README
Aaron Gullickson
5/11/2001
UPDATED:
01/14/2002
(Minor edits by Hammel in May 2008)
This readme is
intended as an overview of all the files employed in family reconstitution of
the Croatian dataset. The perl and
Splus scripts each have further instructions and directions contained within
them.
THE LINKING
PROGRAMS
The perl programs access the raw data files sortedbirths,
sortedmars,
and sorteddeaths which contain the parish records for these
events, from the relevant
*.w files and sorted on date of event. Since
these sorted* files are redundant,
they are not posted on the web
page.
The perl programs use this raw data to perform linkages,
constructing
family histories.
Six perl programs are used to do this.
their names indicate their
function. For example b2m links births to
marriages, m2d links marriages to
deaths, and so on. In
general,
they follow a similar pattern.
Hashes are created of the
relevant raw data sets using names as the
keys. These are then
matched
across two kinds of records, e.g. birth and marriage, and scored by various
factors
(same parish, age match, etc.). In addition, some matches are
rejected completely
because they would conflict with previous matches
(a woman dying before she
gives birth for example). Three of
the five
files followed this format.
The remaining two (m2m and m2d) simply
imputed the links from Marcia
Feitel's previous work on remarriage links
and marriage to death
links. I list each
of the
files in the order they should be run below and describe them
briefly. I do not describe the explicit scoring
routines or values
here as we may adjust them later. You should examine the actual perl
scripts
for that information.
m2b.pl - this script looks
at birth records and for each birth
attempts to find the marriage from
which it came. It does this
primarily
by matching on three of the four names of the spouses in the
marriage and
the parents of the birth. It is
highly reliable since
name combinations of three or four names are seldom
repeated.

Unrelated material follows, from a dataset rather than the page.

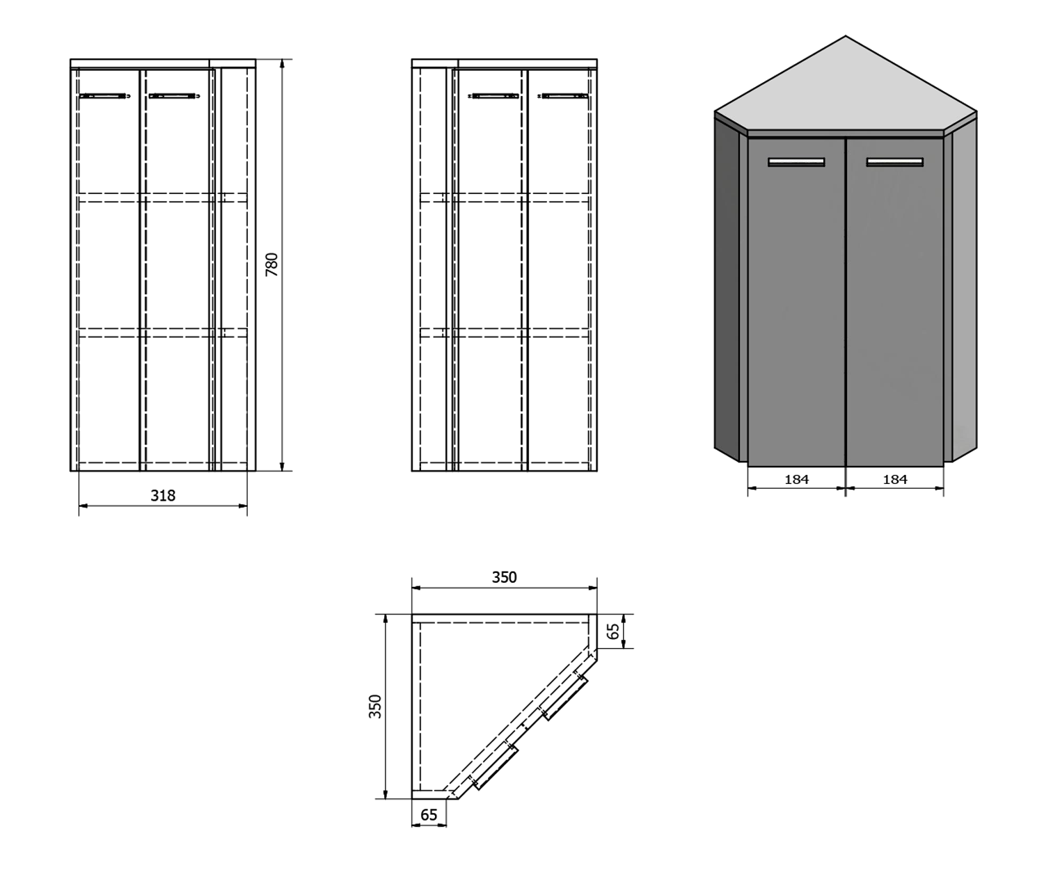 50333 AQUALINE ZOJA sarokszekrény 35x76x35 cm, platina tölgy

That is
why it is
run first. m2b.pl also links
together children for which
parents cannot be found in the marriage
records, but who likely share the same parent.
b2m.pl - This scripts
attempts to match births to their subsequent
marriage. It matches on names and scores
individuals on a variety of
factors.
In addition, it rejects matches if they occur before and
after a
certain age (see file for exact ages as we may adjust them)
and rejects
them if they contradict the matches from m2b.pl (we do
allow some
"shotgun" weddings if they occur within a reasonable span
before
marriage).
m2m.pl - This script simply goes
through marcia's links for remarriage
in combodat2 and assigns them if they
do not contradict our earlier
matches (i.e. cut off childbearing from
previous marriage too early).
b2d.pl - This
script attempts to match births to their own deaths. It
follows the classic matching and scoring routine and
rejects matches
that lead to a death before a marriage or the last linked
birth for the person (or
9 months before the last linked birth for
men).
createdatasets.pl - This program looks at the
output from the previous
programs and constructs life histories for each
person and puts these
in a file called croatdata.txt
m2d.pl - This script cycles through croatdata.txt and if
there is a
missing death record which can be filled in by Marcia's marriage
to
death links, we assign it here.
The resulting datafile is called
croatdata2.txt.
There is
also a seventh perl program called lastevent.pl
which will
assign the last event for each person. It creates a new data file
called croatdata3.txt
croatdata4.txt is created by an eighth program called
addgptoloe.pl which uses the
last recorded
service of an individual as a godparent or marriage witness as the last
event,
if that occurs later than the last observed event assigned by
lastevent.pl,
Each of these programs access a subroutine file called generalsubs.pm
which contain some general
subroutines. In addition there is
a
matchrecs subroutine at the bottom of m2b, b2m, and b2d.
The
entire matching routine can be run with one command from the
directory
containing all the relevant code and data files:
./runmatches
This
will write over any previous output.
OTHER FILES
The other
files are designed to check the
validity
of the matching and compare it to Marcia's findings.
OUTPUT FILES
Each of
the five principal programs produces a file called *.diag.txt (where * is
b2m,
b2d, etc). This file contains diagnostics
from the matching
routine. All
except m2d also produce files containing the final
matches called
*.matches.txt (b2m actually produces two:
b2m.mmatches.txt referenced by
the marriage, and b2m.bmatches.txt
referenced by the birth). The format of each of these is
below:
------------------------------------------------------------------------
b2d.matches.txt
birth
id death id score age at death deathdate
------------------------------------------------------------------------
m2b.matches.txt
marriage
id* last birthdate
# of kids birthid1 birthid2 ...
*marriage id
above 30000 indicates a kinset with missing parents
------------------------------------------------------------------------
b2m.mmatches.txt
mar.
id husbands bid wifes bid husbands age wifes age score
------------------------------------------------------------------------
b2m.bmatches.txt
bid marriage id score age sex
------------------------------------------------------------------------
m2m.matches.txt
marriage
id spouse
type remarriage
id ?
In
addition, for m2b, b2m, and b2d there are additional files.
*.match.prelim.txt
contains the scores for all potential matches.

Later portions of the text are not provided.